Equation 1. Equation used to calculate relative telomere length (rTL) of kidney or gonad samples from broiler chickens. Using this equation, the individual well efficiencies (E) of telomere or GAPDH are raised to the power of the inter plate control C_q_– target C_q_ (delta C_q_). This equation is previously described in [72].
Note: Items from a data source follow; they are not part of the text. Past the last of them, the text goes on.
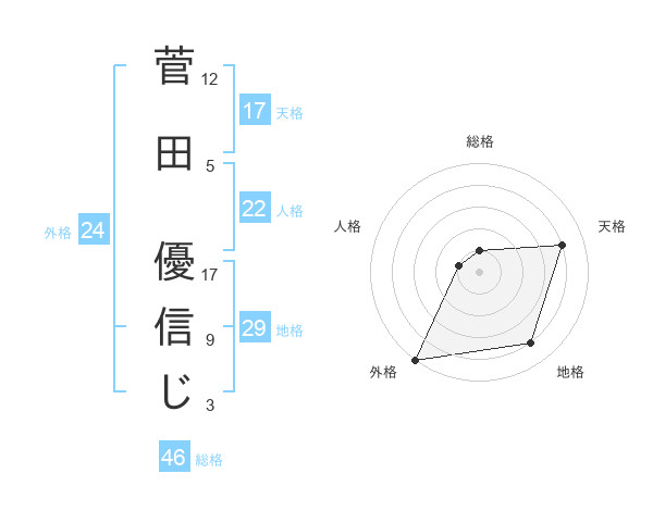 菅田 優信じさんを姓名の画数から五運を鑑定
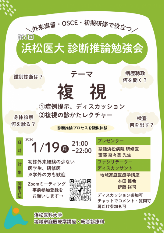 本学の家庭医療のポリクリでは初診外来の実習を行っていますが、学生時代に診断推論について学べる機会は多くありません。
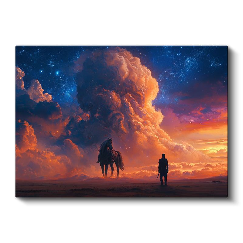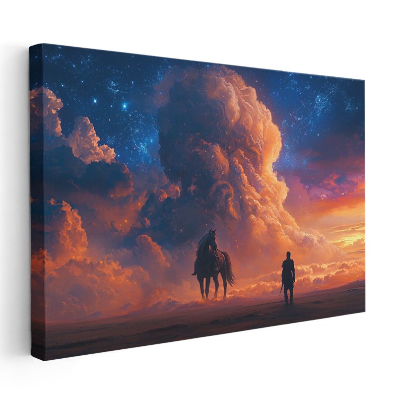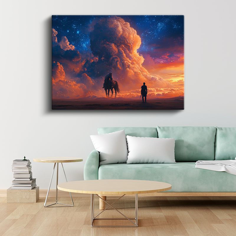 Gökyüzü Yolcuları - Alev Renkli Bulutlar Arasında At ve İnsan Silüeti Kanvas Tablo
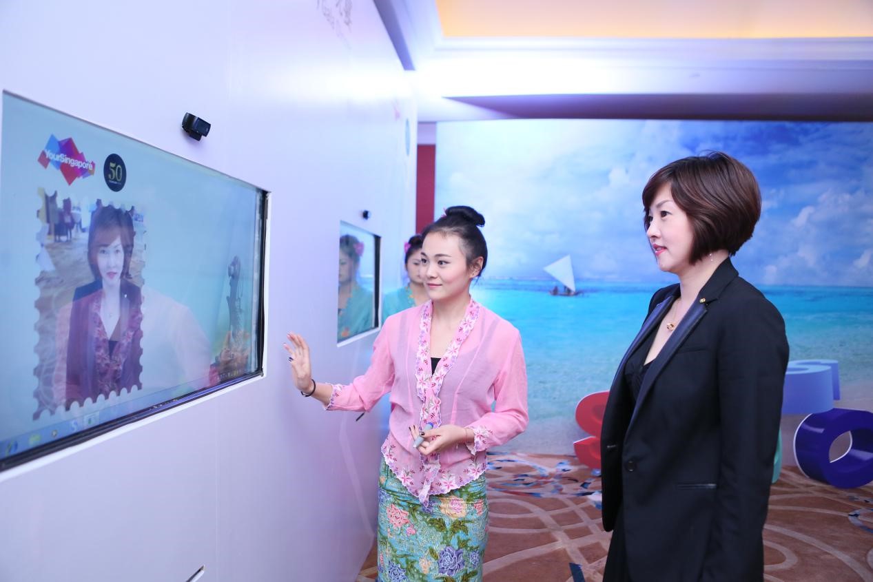 禮儀帶領(lǐng)嘉賓電子拍照簽到,照片做為見(jiàn)證新加坡旅游局50周年的紀(jì)念
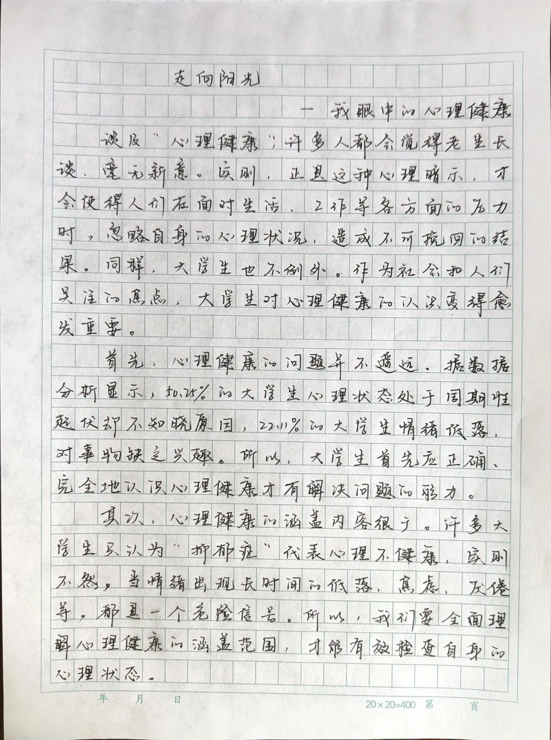 为提升心理育人质量,增强大学生心理调适能力,金年会官网开展了“我爱我”心理健康征文活动。此次征文活动共86人参加,同学们从个人成长经历分享(自己的心理变化以及相关的收获或感悟)、我眼中的心理健康(谈及大学生对心理健康的认识)、我与心理健康(自己参与过的心理健康活动相关的经历)等方面,通过用笔端的表达方式,抒发了自己对心理健康的见解,以下是部分文章:
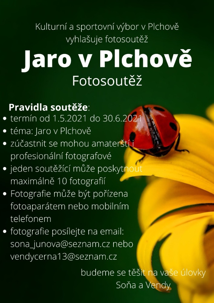 Sportovní a kulturní výbor vyhlašuje fotografickou soutěž Jaro v Plchově. Až vyjdete na procházky po okolí, nezapomeňte si vzít s sebou foťák a udělat pár foteček…Rády bychom v Plchově uspořádaly z těchto fotografií malou výstavu… Fotografie můžete zasílat na mailové adresy uvedené na plakátku. Budeme se těšit!
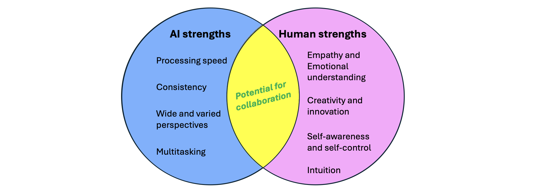 AI strengths + Human strengths Different but complementary strengths : when combined correctly and at the right time, these forces can enhance creativity.
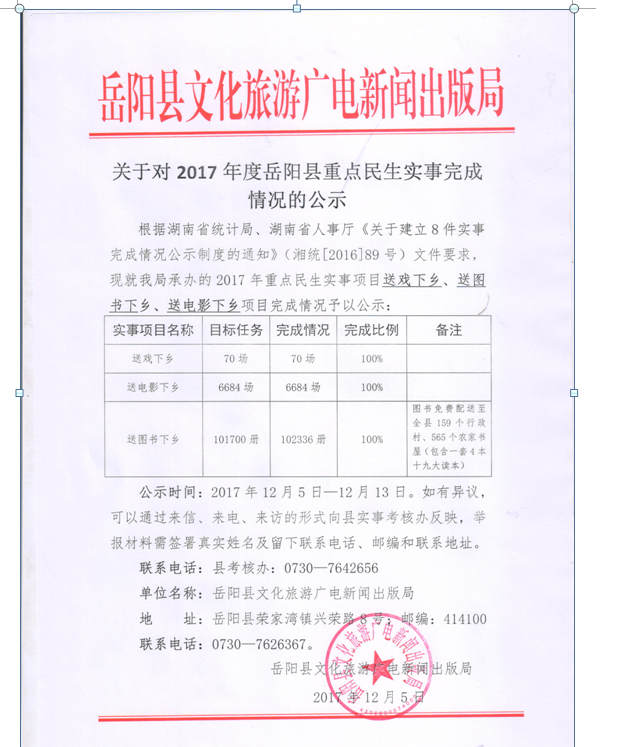 關於對2017年度嶽陽縣重點民生實事(文化惠民工程)完成情況的公示
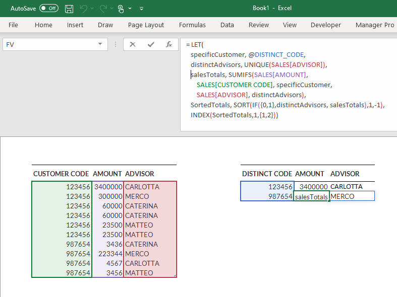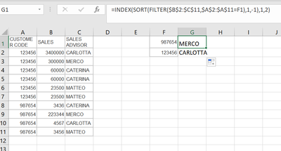 Given the 'CUSTOMER CODE' with multiple 'SALES' I would like to return the 'SALES ADVISOR' with the best/max 'SALES' value.
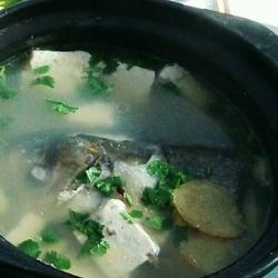 3.Put an appropriate amount of cold water into the casserole, put the fish head and tofu, ginger slices, pepper and Put a spoonful of salt into a casserole and bring to a boil.
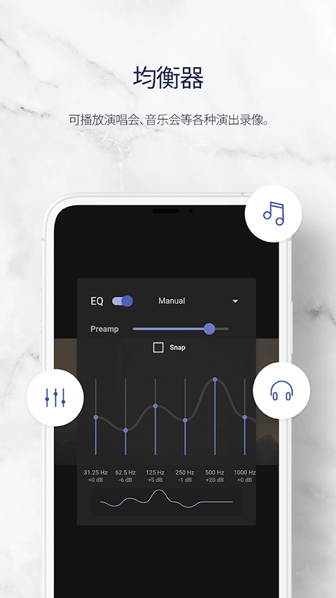 为了实现更具现场感的播放效果,我们提供均衡器(Equalizer)功能支持。
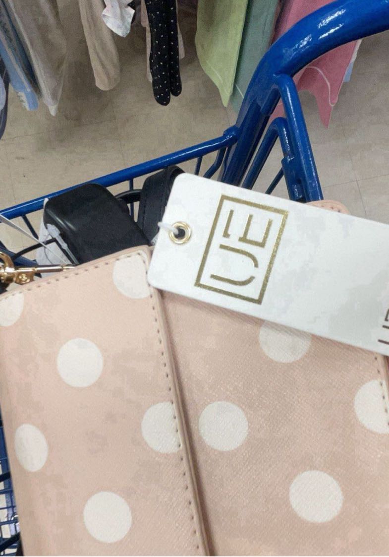 A stylish wallet featuring a pink background with white polka dots.

Validation of qRT-PCR assay
The qRT-PCR assay for domestic chickens was validated by comparing the qRT-PCR measurements with measurements of the same samples quantified using a telomere restriction fragment (TRF) assay [81]. To determine correlations between qRT-PCR and TRF, a subset of samples (N = 17) was quantified using both assays. For the TRF assay, 10 µg quantity of DNA was digested using 1.0 µL of RsaI (R0167L, New England Biolabs, Ipswich, MA, USA) and 0.2 µL of HinfI (R0155M, New England Biolabs) in CutSmart Buffer (B7204S, New England Biolabs) overnight at 37°C. The digested DNA was separated using pulsed field gel electrophoresis (3 V/cm, 0.5- to 7.0-second switch times, 14C) for 19 hours on a 0.8% nondenaturing agarose gel. The gel was then dried without heating and hybridized overnight with a 32P-labeled oligo (50-CCCTAA-30) that binds to the 3’ overhang of telomeres. Hybridized gels were placed on a phosphor screen (Amersham Biosciences, Buckinghamshire, UK), which was scanned on a Storm 540 Variable Mode Imager (Amersham Biosciences). Densitometry (ImageQuant 5.03v and ImageJ 1.42q) was used to determine the position and strength of the radioactive signal in each of the lanes compared to the molecular marker (1 kb DNA Extension Ladder; Invitrogen, Carlsbad, CA).
Statistical analysis
Statistical analyses were done in JMP Pro 16 (SAS Institute Inc., Cary, NC, USA). Pen was considered the experimental unit (N = 12/experiment) and bird the observational unit (N = 36/experiment). Raw rTL data from all three experiments were z-transformed to allow for comparison between experiments [82]. Z scores were then analyzed using linear mixed models with environmental complexity, stocking density, and their interaction as fixed factors. Pen numbers nested within experiment and PCR plate number were included as random variables. The model was selected based on the research objective, determining the association between treatments and rTL outcomes (Z scores). Our mixed model accounted for repeated sampling from individuals within the experimental unit (pen), which matches the nature of the research design. Model assumptions were assessed using Levene’s test (variance homogeneity), normal quantile plots (normal distribution of data residuals), and by reviewing skewness and kurtosis outcomes. Model fit was assessed based on AICc and BIC values. The robustness of mixed-effects models allows their use even if the distributional assumptions are violated [83]. Post-hoc analysis was performed with Tukey HSD corrections. For validation of the qRT-PCR assay, a linear correlation was assessed with the TRF values as the response variable and the relative telomere lengths from qRT-PCR assays as the predictor. Associations were considered significant at P* ≤ 0.05 and a trend at P ≤ *0.1. All data are presented as LSmeans of z-scores and error bars indicate 95% confidence intervals. Analysis was carried out following the minimum reporting recommendations for PCR-based telomere length measurements defined by the Telomere Research Network (Tulane, New Orleans, LA).
Results
Relative telomere length of Kidney and Gonad samples
Z-transformed kidney rTL scores tended to be higher (F_1,107_ = 4.17; P = 0.0503; S1 Table and S2 Table) in birds housed in high-complexity pens compared to low-complexity pens (Fig 2). Z-transformed kidney rTL scores were not impacted by stocking density (F_1,107_ = 0.08; P = 0.77). Z-transformed gonad rTL scores were not impacted by environmental complexity (F_1,107_ = 0.13; P = 0.71) or stocking density (F = 0.04; P = 0.84, Fig 3). The environmental complexity × stocking density interaction did not impact kidney (F_1,107_ = 0.49; P = 0.49) or gonad rTL (F_1,107_ = 0.09; P = 0.77). Means of untransformed rTL data from all three experiments are available in Table 1.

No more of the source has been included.